FETÖ’nün para toplama sistemini artık iyice biliyoruz. Öncelikle “Himmet.” Örgüt elemanları veya örgüt tarafından işe sokulanlar maaşlarının bir kısmını veriyorlar. Evlilerde yüzde 5, bekarlarda yüzde 10. Genellikle karı koca FETÖ’cü oldukları için daha kafadan yüzde 10 kâr ediyorlar.
Onun dışında bağış yapanlar, bir işlerinin halledilmesi için rüşvet tadında “Hayır işleyenler”, Bank Asya’ya destek için para yatıranlar. Bunlar tamam.
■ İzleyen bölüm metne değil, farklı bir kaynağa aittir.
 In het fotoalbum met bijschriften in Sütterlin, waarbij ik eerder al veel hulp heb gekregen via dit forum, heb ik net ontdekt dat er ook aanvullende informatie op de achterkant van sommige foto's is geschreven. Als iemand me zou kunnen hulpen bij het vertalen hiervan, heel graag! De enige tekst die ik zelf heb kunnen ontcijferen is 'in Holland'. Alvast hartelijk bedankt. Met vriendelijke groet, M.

Ama bu perdenin bir de diğer tarafı var. Onlar da FETÖ’den para kazananlar, para alanlar, avanta sağlayanlar. Ya onlar ne durumda?
Mesela FETÖ’cü örgütlenmenin desteği ile devlet ihalesi alanlar ne olacak? Bu ihalenin belli bir kısmını örgüte aktaranlar yani. Halkı soymak işin bildiğimiz kısmı. Ya devlet soyulurken buna destek çıkanlar?
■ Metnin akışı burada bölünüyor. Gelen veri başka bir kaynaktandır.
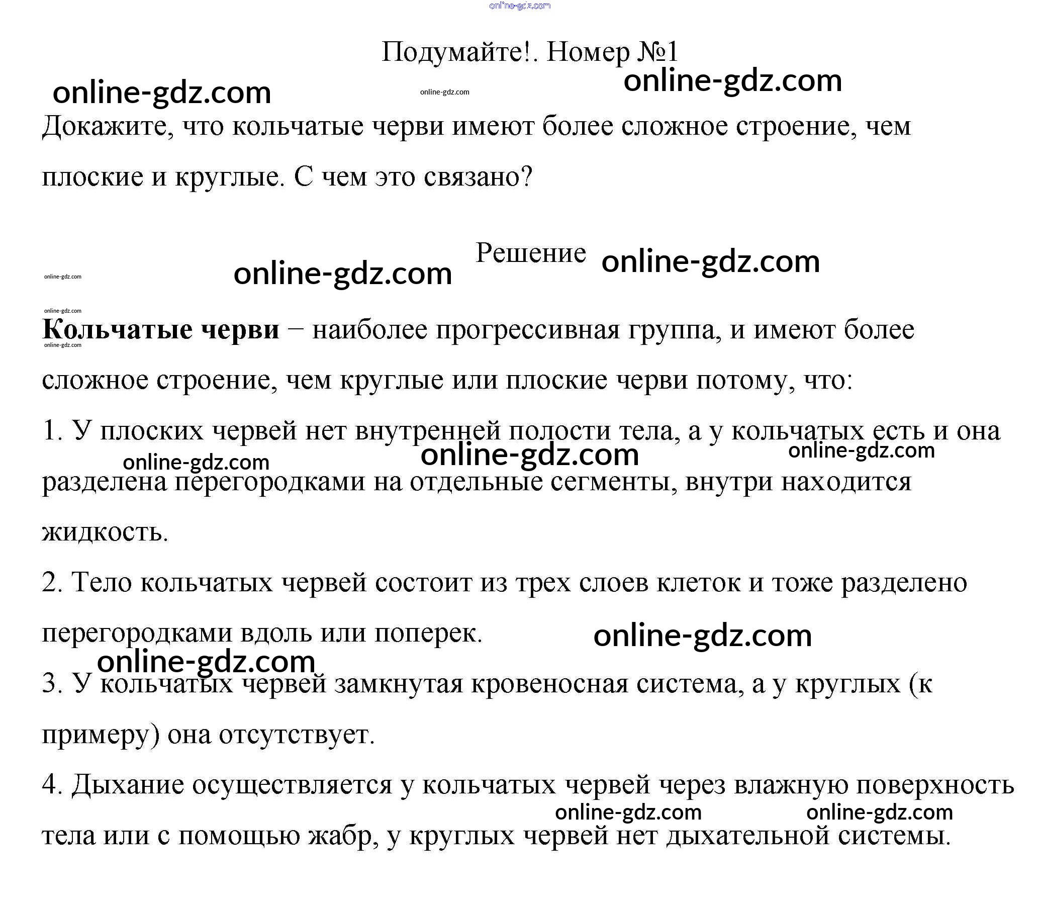 Готовые домашние задания по Биологии за 7 класс Учебник Пасечник, Суматохин Линия жизни 2022 - Подумайте §10. Тип круглые черви и тип кольчатые черви 1

Acaba hangi şirketler satın alma komisyonlarındaki FETÖ’cülerle irtibat kurup hakları olmayan ihaleleri haksız bir biçimde aldılar? Acaba hangi şirketler üç liralık bir işi 10 liraya yapıp kârı FETÖ ile paylaştı? Aslında bulması kolay. Tersten gitmek lazım. Tespit edilen FETÖ’cü şirketin faturalarına bakılsa kimden ihale aldıkları ortaya çıkar. Sonra da bu işi onlara kimin, hangi komisyon üyelerinin verdiği bulunur. Al sana devasa bir hortum zinciri.
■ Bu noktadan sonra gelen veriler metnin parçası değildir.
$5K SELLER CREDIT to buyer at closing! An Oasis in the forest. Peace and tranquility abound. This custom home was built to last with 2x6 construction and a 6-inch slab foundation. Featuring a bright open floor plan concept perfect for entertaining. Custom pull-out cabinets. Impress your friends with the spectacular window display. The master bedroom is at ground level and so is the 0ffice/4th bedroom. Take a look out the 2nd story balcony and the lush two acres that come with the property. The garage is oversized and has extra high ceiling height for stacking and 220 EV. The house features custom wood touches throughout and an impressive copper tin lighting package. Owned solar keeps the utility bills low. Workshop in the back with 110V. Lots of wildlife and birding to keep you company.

Mesela, zamanında FETÖ’cü olduğu açıkça belli olan kişilerin yönettiği kimi TRT kanallarına kimler ‘prodüksiyon’ yaptı? Kimlerin projeleri daha örgüt “Cemaat” olarak adlandırılırken yani “Hizmet” adı ortada yokken ‘hizmetten’ şifresi ile denetlenmeden kabul edildi? TRT ile çalışan, doğru-dürüst işler yapan gazetecileri, kimler kendi adamlarının önü açılsın diye FETÖ’cü yayın organlarında hedef gösterdi? Operasyon hedefi yaptı. Ekmekleri ile oynadı.